1493—1547.

       С падением Константинополя словно земля перевернулась под ногами афонских монахов. Они неутомимо молили Господа вразумить их и ниспослать святые знаки. Но… то ли не замечали, то ли знаков тех не было.  

       И монахи — кто не связал свою судьбу с иоаннитами — подавались в скиты. Афонские монастыри почти пустовали. Болела от этого у Максима Грека душа, и он благодарил Бога, что мог отдавать свои силы на распространение Его слова. Монах за несколько лет работы в Киевской лавре переписал семь книг и многие помог перевести. Он уже привык к своему новому месту, сжился с ним, как некогда — с Падуей и Флоренцией, где учился, и только в мягких снах, забываясь над книжными строками и страницами, изредка возвращался на родину — вот как в этом, с сочной травой, солнечным виноградником за спиной, дорогой... длинной дорогой... выбежавшей из воды в лес... старый кудесный лес с большими незнакомыми деревьями... белыми, холодными... и дорога белая, даже глаза заболели...  

       — Евлогите! — неожиданно послышалось за спиной, и он очнулся.  

       Еще неосознанно — между видением и явью — вскочил над залитым воском столиком, перекрестился и ответил:  

       — О Кириос... Господь благословит...

          И смутился, увидев перед собой брата-иоаннита, земляка по Афону, своего тезку — Максима Спартанца, в черном хитоне, с наброшенной на плечи овечьей шкурой.  

       — Вот я и отыскал тебя. Собирайся...  

       Инок, который привел гостя в келью, поклонился и вышел.  

       А они долго не могли наговориться. Услышанное никак не успокаивало книжника Максима — мир и действительно переворачивался: в Риме господствует немецкая армия, Священная Империя спорит с Францией за светскую власть... И осколки династии Палеологов, после того как Венецианский сенат напомнил московскому властелину о его правах на наследство византийского титула, решили идти на восток. Между тем князь московский Иван ІІІ якобы принял императорского посла и условился на союз с Максимилианом против ислама, но развязал войну с ляшскими христианами. А теперь готовится к женитьбе на племяннице Константина Зое Палеолог и согласен принять герб Византийской империи — двуглавого орла. И вот он, брат Максим, явился сюда в сопровождении брата базилевса Фомы Палеолога и будущей императрицы Зои, а в посажном обозе — с полсотни древних манускриптов…  

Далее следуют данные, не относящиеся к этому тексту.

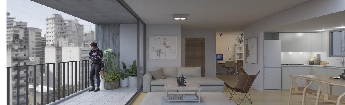 Departamento de 1 dormitorio + comodín en semipiso. Unidad al contrafrente orientada al oeste, consta de estar comedor, integrado a la cocina, con ventilación natural, propiciando al ambiente ventilación cruzada, y muy buena luminosidad. 1 Baño, dormitorio con placard, y 2do ambiente que puede funcionar como comodín, escritorio, lugar de estudio o trabajo. Posee un patio de uso exclusivo de 44,91.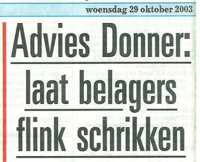 Er lopen tientallen overheidsdienaren in Nederland rond, met verzwegen informatie over zaken die nadelig kunnen uitpakken voor hun medeburgers. Laten we een amnestieregeling afspreken. Tot en met 31 december 2003 worden zij in de gelegenheid gesteld over de brug te komen. In de hallen van ministeries, gemeentehuizen en andere overheidsgebouwen dienen biechtstoelen te worden neergezet, waarin de ambtenaren hun zwijgen kunnen doorbreken. Als zij na 1 januari 2004 tegen de lamp lopen - zoals nu de heer Wellink van de Nederlandsche Bank - worden zij op staande voet uit overheidsdienst ontslagen. (Wat mij betreft hoeft de heer Wellink maandagochtend aanstaande al niet meer op zijn werk te verschijnen.)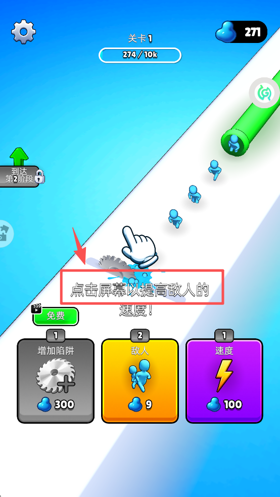 2、接着,点击屏幕以提高敌人的速度,挑战更高难度。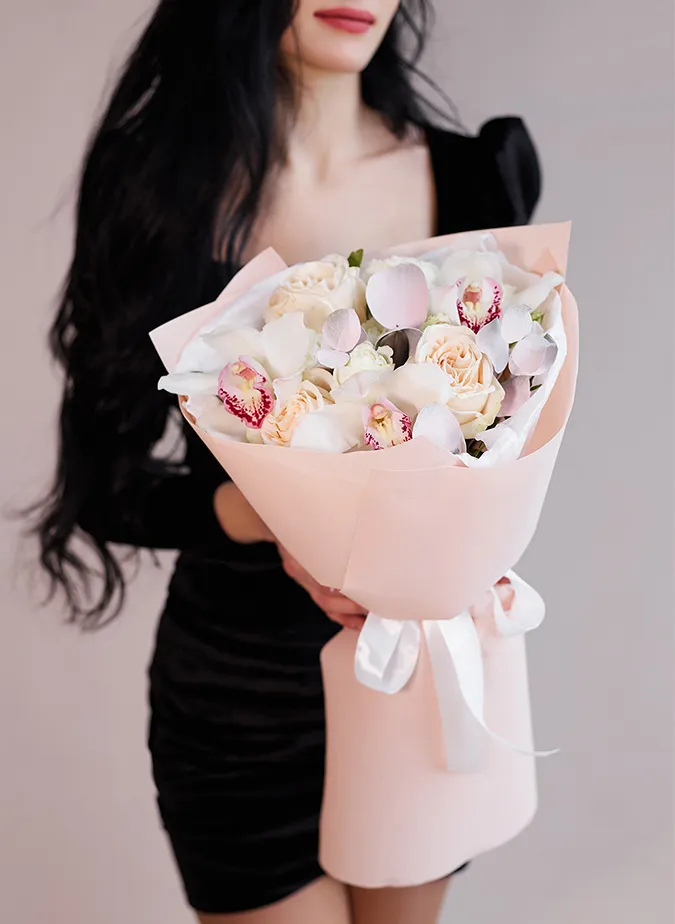 Состав: роза кустовая, эвкалипт, орхидея, роза

       — А еще московиты желают умножения церковных книг византийской традиции, посему — собирайся и ты, брат Максим, в новое путешествие. Вот тебе и письмо от нашего наместника о том... — закончил гость.

       Вот тебе и дорога... Белая, глаза колет. Снегу насыпало столько, что, казалось, он не растает и за всю весну. А еще — мороз и ветер, от которых не спасали овечьи шкуры и сбитые на санях шалаши-балаголы. Когда лошади выбивались из сил, обоз останавливался в более-менее тихом месте. Сани расставляли кругом, в центре раскладывали костер, грели в котле что-то поесть, затем, когда были не в степи, притягивали несколько сухостоин, обычно елей, и поджигали. Радовались теплу вместе с людьми и кони, сладко ржали, словно встревая в монотонные разговоры монахов.  

       — Так скоро ль она, та Московия? И правда ли, что тамошний базилевс, князь по-ихнему, не дождался патриаршей буллы и приказал называть себя императором, царем? — спрашивал, энергично потирая ладони, Максим Спартанец. — Не было ли то заявлением на византийское наследство?  

       — Увидим, — спокойно вздохнул Максим Грек и спрятал в накладной карман четки — келейные, не на сто «зерен», напоминаний о молитве Иисусовой, а на тысячу. Куколь монах опустил на спину и пригладил свои непокорно-курчавые, с русым оттенком, волосы. — В Киеве от монашества я много чего слышал. Он, московский князь Иван, присвоил себе титул властителя всей Руси, этим самым заявив свое право на Киев и Полоцк. Неизвестно, что будет со свободными городами Псковом и Новгородом. Но человеку — человечье, а Богу — Богово. — Монах поднял свою продолговатую голову, открыв острый кадык, и наблюдал, как от костра отрываются и кружат в поднебесье розовые бабочки-искры.  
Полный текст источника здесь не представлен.